Trump has also created a political box for himself. He’s under pressure to make good on his own campaign trail promises to turn the US trading relationship with China on its head. And he warned ahead of the summit that it could be a rocky one because of what he sees as disparities in the economic relationship.
“The meeting next week with China will be a very difficult one in that we can no longer have massive trade deficits,” Trump wrote on Twitter.
Trump is meanwhile warning that if China doesn’t crack down on its ally North Korea of its ballistic missile and nuclear program, Washington will take unspecified steps that Beijing might oppose.
But in other areas, Trump has already significantly softened his approach towards the Asian giant. He for example failed to honor his vow to designate Beijing a currency manipulator on day one of his administration and has taken no significant steps to reorient an imbalance in trading flows.
The President has already bowed to Chinese demands that he agree to abide by the “One China” policy, after he suggested he could use the status of US relations with Taiwan as a bargaining chip in trade talks with Beijing.
Washington has also softened its rhetoric on China’s territorial muscling in the South China Sea — there has been no repeat of Secretary of State Rex Tillerson’s warning in his confirmation hearing that China might need to be blocked from artificial islands it has built in the region.
Will Trump’s unpredictability help him?
In fact, there is some confusion around the world as to exactly what US policy towards China actually is.
“I think it’s a mess, I think they are all over the place. Maybe the significance of this summit is that we will finally get a steer as to which way they are heading,” said Rachman.
In one sense, that uncertainty over Trump’s intentions, as well as his inexperience and lack of a long-term grounding in US-China relations, may give the US leader a paradoxical advantage, in that the Chinese side cannot be sure exactly what approach he will take and how he will behave and whether he will stick to the diplomatic frameworks that have defined US-China relations for decades.
Americans who have spent time in Beijing says that the Chinese leadership — like much of the rest of the world — is still trying to figure Trump out.
To begin with, these analysts say, China viewed Trump as the kind of Republican who talked tough on the campaign trail but would settle into conventional behavior towards Beijing once he recognized the stakes, as president. His history as a businessman furthered an impression that the new US leader was someone who would look to bargain and seek deals.
But Trump’s decision to accept a telephone call from Taiwanese President Tsai Ing-wen — becoming the first president or president-elect to do so — shook Chinese leaders and led them to question their initial assumptions and to game out the potential for a more adversarial relationship with the United States.
“From the Chinese point of view, there is real uncertainty about what to expect from Trump.
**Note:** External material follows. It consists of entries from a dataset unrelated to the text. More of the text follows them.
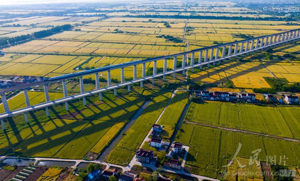 2024年5月16日,动车组列车从沪苏通长江公铁大桥江苏省张家港市境内疾驶而过,与周边金色的麦田、错落有致的农宅,构成一副生态乡村美丽田园画卷。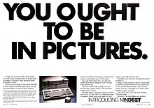 The Mindset is an Intel 80186-based MS-DOS personal computer.[1] It was developed by the Mindset Corporation and released in spring 1984. Unlike other IBM PC compatibles of the time, it has custom graphics hardware supporting a 320×200 resolution with 16 simultaneous colors (chosen from a 512-shade palette)[1] and hardware-accelerated drawing capabilities, including a blitter,[2] allowing it to update the screen 50 times as fast as an IBM standard color graphics adapter.[3] The basic unit was priced at US$1,798 (equivalent to $5,270 in 2023).[1] It is conceptually similar to the more successful Amiga released over a year later. Key engineers of both the Amiga and Mindset were ex-Atari, Inc. employees.
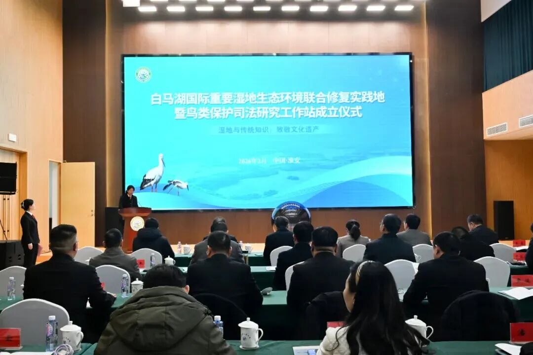 2026年2月2日,正值第30个世界湿地日,江苏淮安白马湖国际重要湿地迎来里程碑时刻——白马湖国际重要湿地生态环境联合修复实践地暨鸟类保护司法研究工作站成立仪式在此举行。淮安市副市长封蕴珊,淮安中院党组书记、院长郁奇,省法院环资庭庭长周亚冠出席仪式。活动由淮安中院党组成员、副院长李玲主持。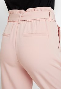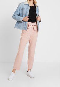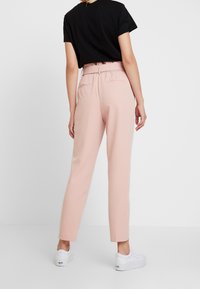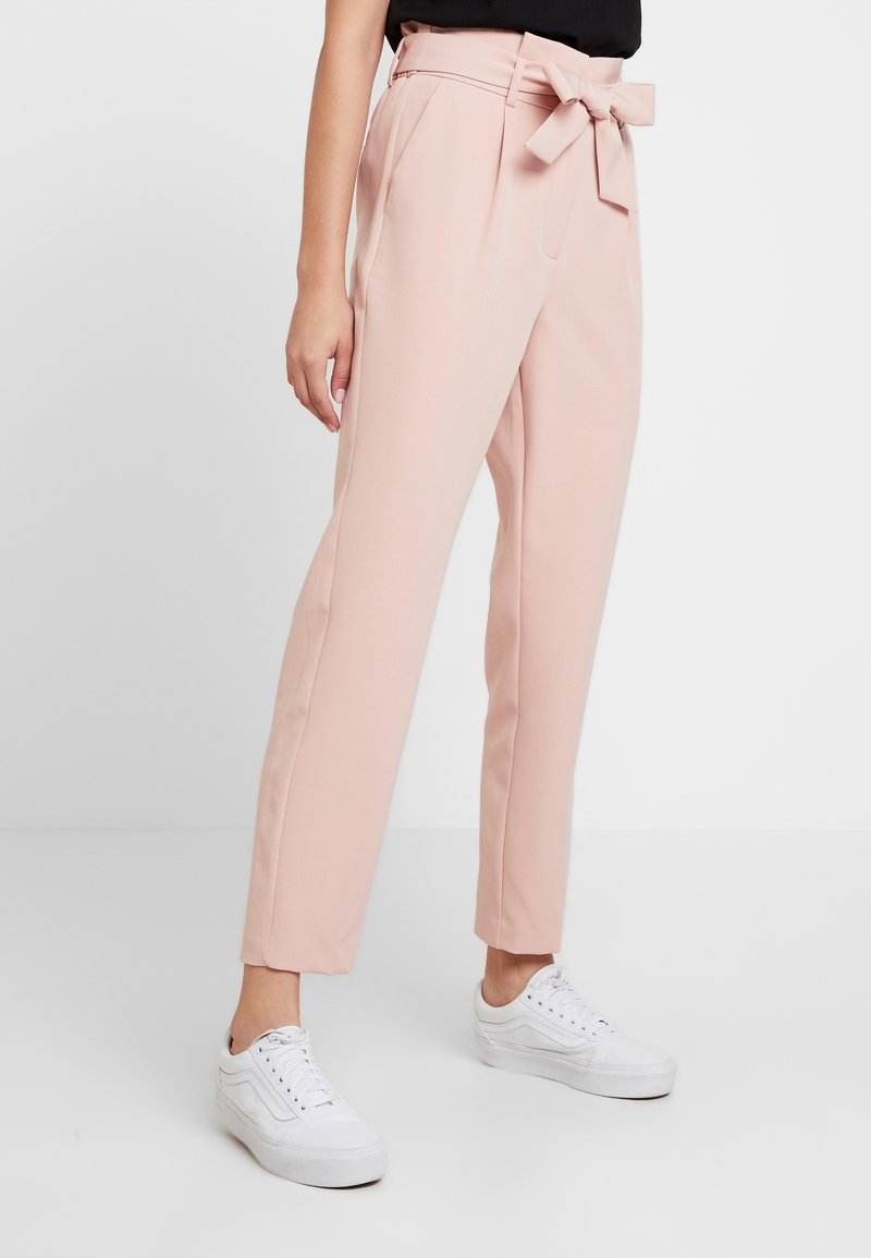 Pantalon rose clair cintré avec détail ceinture et poches latérales, présentant une coupe droite. Associé à des baskets blanches.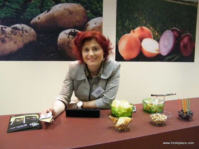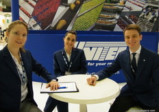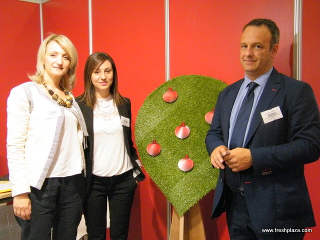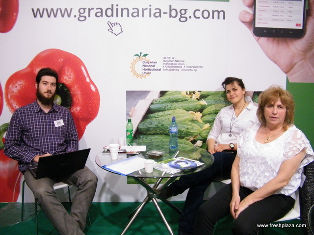 From the Bulgarian stand: Marketing Specialist Ivan Georgiev of Sunday Food Ltd. with Simona (m) and Board Member Mariana Miltenova of Bulgarian National Horticultural Union.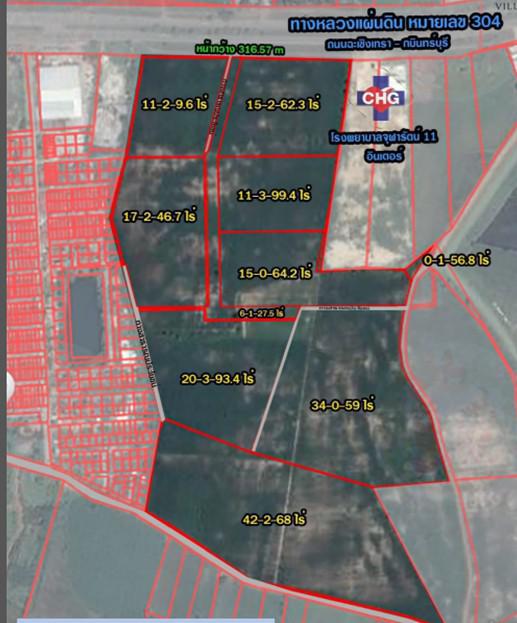 SS168 ขายที่ดิน 176-1-86 ไร่ ติดถนน 304  ข้าง รพ.จุฬารัตน์ 11 อินเตอร์ ปราจีนบุรี ที่ดินทำเลดี ราคาถูก

They are not sure,” said Aaron Friedberg, a professor of politics and international affairs at Princeton University, who formerly worked in the office of Vice President Dick Cheney.
“I think they worry that the new administration could be tougher and/or less predictable than its predecessor. At the same time, they do continue to talk about Trump as a deal maker, Trump as a pragmatist, they see him as more potentially more flexible, less ideological and therefore someone with whom they can make a deal,” he said.